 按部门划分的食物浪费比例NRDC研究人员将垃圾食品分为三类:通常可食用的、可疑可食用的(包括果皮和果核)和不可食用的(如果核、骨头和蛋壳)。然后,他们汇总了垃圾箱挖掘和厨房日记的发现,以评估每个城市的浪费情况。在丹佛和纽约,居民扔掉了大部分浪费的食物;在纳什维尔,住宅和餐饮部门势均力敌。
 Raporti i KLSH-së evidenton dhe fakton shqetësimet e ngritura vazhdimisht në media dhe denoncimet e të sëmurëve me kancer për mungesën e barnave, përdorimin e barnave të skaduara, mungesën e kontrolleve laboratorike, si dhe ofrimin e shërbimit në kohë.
...
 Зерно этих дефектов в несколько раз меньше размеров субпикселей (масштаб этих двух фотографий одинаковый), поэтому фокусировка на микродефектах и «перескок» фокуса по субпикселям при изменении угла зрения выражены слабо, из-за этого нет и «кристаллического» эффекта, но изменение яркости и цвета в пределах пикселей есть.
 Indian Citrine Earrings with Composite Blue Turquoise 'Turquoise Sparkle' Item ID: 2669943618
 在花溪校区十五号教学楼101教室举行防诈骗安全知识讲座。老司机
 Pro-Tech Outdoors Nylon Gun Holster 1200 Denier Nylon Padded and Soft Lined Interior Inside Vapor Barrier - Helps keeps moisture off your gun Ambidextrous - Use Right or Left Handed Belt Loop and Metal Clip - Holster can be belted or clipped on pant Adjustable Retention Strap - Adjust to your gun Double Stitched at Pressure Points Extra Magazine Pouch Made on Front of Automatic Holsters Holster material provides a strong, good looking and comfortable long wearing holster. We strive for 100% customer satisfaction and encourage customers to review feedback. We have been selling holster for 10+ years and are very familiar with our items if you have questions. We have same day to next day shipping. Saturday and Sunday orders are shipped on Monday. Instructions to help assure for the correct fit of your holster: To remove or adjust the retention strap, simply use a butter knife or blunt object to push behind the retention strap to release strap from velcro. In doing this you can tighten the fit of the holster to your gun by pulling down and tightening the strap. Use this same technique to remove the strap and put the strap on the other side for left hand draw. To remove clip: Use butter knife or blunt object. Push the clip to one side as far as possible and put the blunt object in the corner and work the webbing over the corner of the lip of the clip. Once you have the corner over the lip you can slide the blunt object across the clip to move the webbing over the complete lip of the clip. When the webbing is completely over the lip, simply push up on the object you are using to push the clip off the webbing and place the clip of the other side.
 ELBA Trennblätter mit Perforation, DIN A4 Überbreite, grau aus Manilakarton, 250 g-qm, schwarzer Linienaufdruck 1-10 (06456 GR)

Task goal: Reproduce exactly the entries above, limited to the lines from the one with "按部门划分的食物浪费比例NR" through the one with "Raporti i KLSH-së", both included.

Result of the task:
 按部门划分的食物浪费比例NRDC研究人员将垃圾食品分为三类:通常可食用的、可疑可食用的(包括果皮和果核)和不可食用的(如果核、骨头和蛋壳)。然后,他们汇总了垃圾箱挖掘和厨房日记的发现,以评估每个城市的浪费情况。在丹佛和纽约,居民扔掉了大部分浪费的食物;在纳什维尔,住宅和餐饮部门势均力敌。
 Raporti i KLSH-së evidenton dhe fakton shqetësimet e ngritura vazhdimisht në media dhe denoncimet e të sëmurëve me kancer për mungesën e barnave, përdorimin e barnave të skaduara, mungesën e kontrolleve laboratorike, si dhe ofrimin e shërbimit në kohë.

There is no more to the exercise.